**Supplied information**
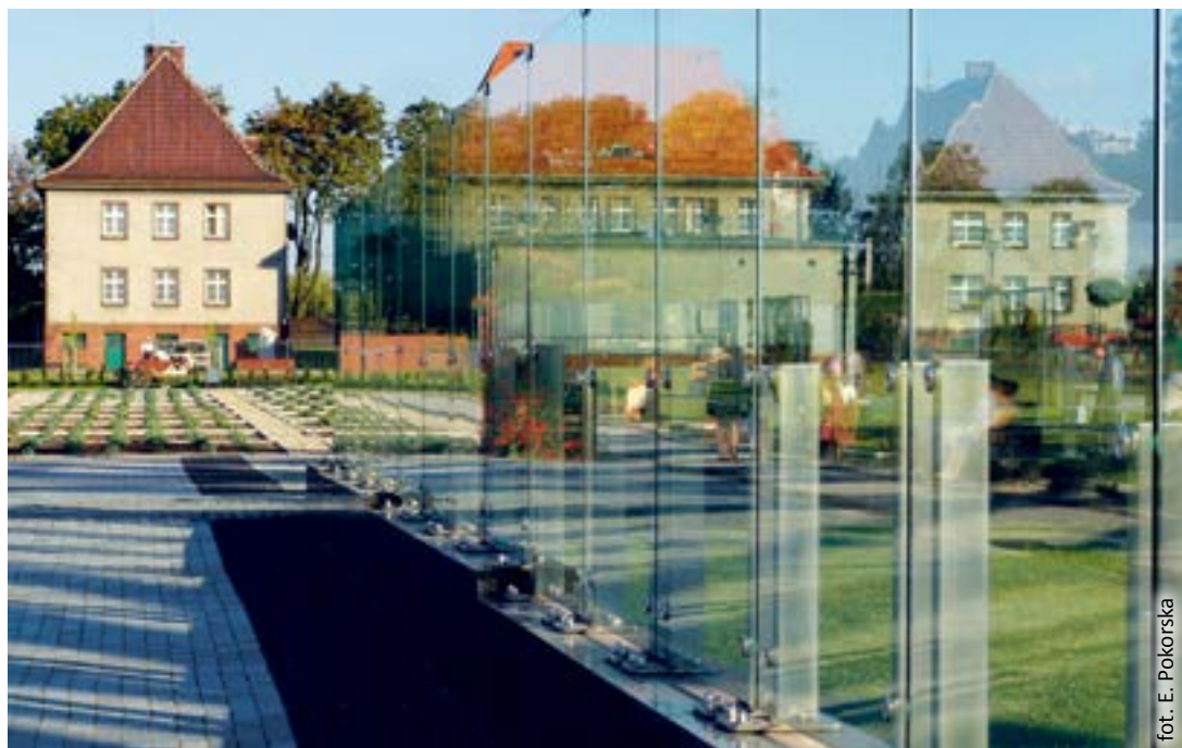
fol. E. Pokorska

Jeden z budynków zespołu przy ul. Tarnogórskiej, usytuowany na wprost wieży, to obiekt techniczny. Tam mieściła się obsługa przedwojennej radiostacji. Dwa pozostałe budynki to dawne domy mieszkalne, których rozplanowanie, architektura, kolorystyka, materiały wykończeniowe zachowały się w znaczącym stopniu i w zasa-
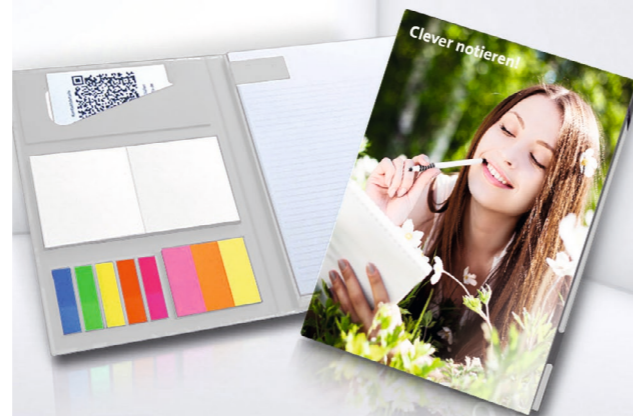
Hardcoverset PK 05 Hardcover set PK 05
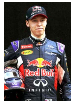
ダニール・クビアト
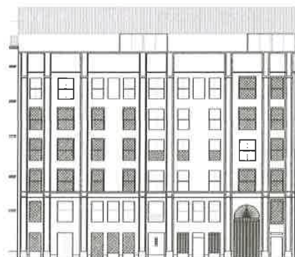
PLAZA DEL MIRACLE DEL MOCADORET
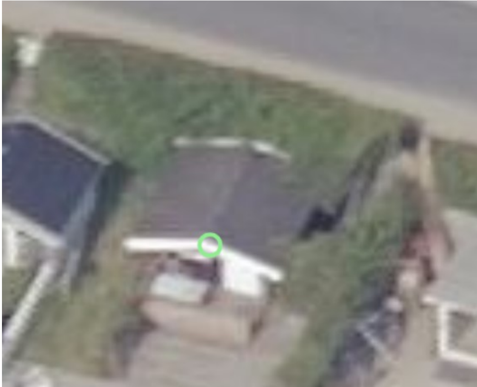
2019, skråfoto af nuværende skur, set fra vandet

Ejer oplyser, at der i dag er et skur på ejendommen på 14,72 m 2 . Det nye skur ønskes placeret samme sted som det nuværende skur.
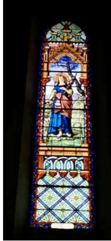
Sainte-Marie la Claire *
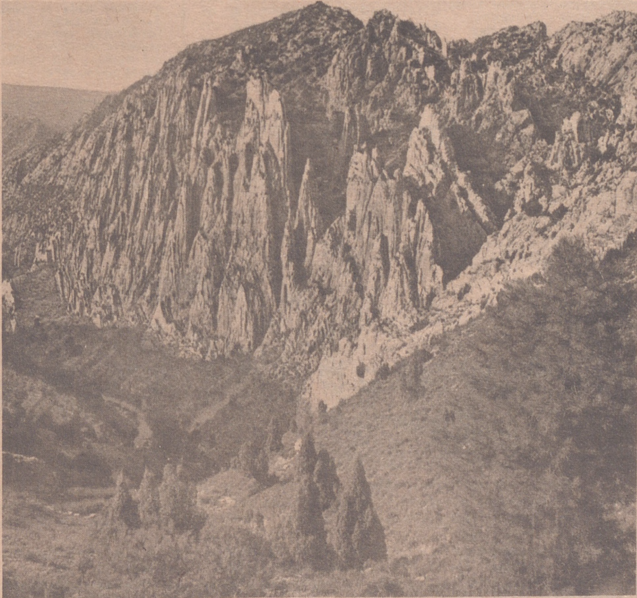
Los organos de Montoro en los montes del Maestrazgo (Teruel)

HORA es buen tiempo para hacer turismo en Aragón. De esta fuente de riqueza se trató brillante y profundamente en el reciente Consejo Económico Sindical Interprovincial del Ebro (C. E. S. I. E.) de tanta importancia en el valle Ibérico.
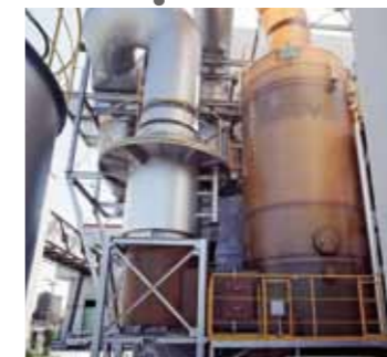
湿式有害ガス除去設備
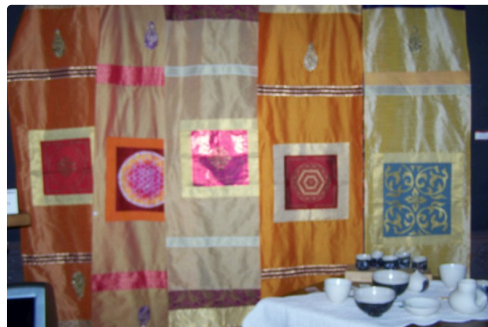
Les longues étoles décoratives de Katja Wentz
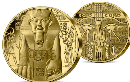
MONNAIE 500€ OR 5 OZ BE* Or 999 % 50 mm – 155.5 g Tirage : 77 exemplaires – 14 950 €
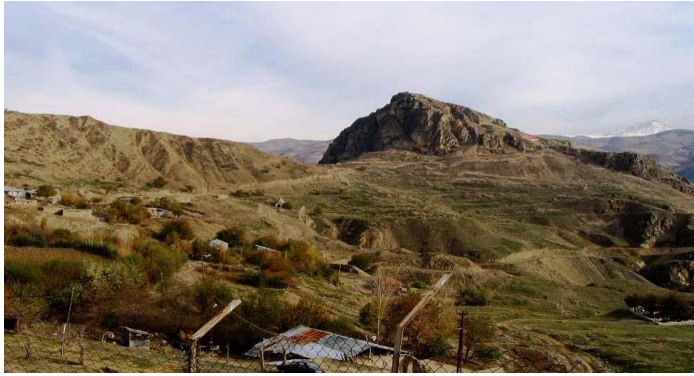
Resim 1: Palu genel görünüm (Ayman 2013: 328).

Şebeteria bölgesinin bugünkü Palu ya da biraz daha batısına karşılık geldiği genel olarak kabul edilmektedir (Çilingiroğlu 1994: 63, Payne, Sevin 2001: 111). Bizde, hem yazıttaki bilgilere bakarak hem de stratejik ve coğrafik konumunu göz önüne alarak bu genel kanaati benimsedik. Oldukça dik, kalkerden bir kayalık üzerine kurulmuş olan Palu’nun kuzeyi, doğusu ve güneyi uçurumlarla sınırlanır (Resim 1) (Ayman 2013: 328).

**Task brief**
Please say how many lines in the records above contain the string "Resim", giving no other words.

**Solution for this problem**
2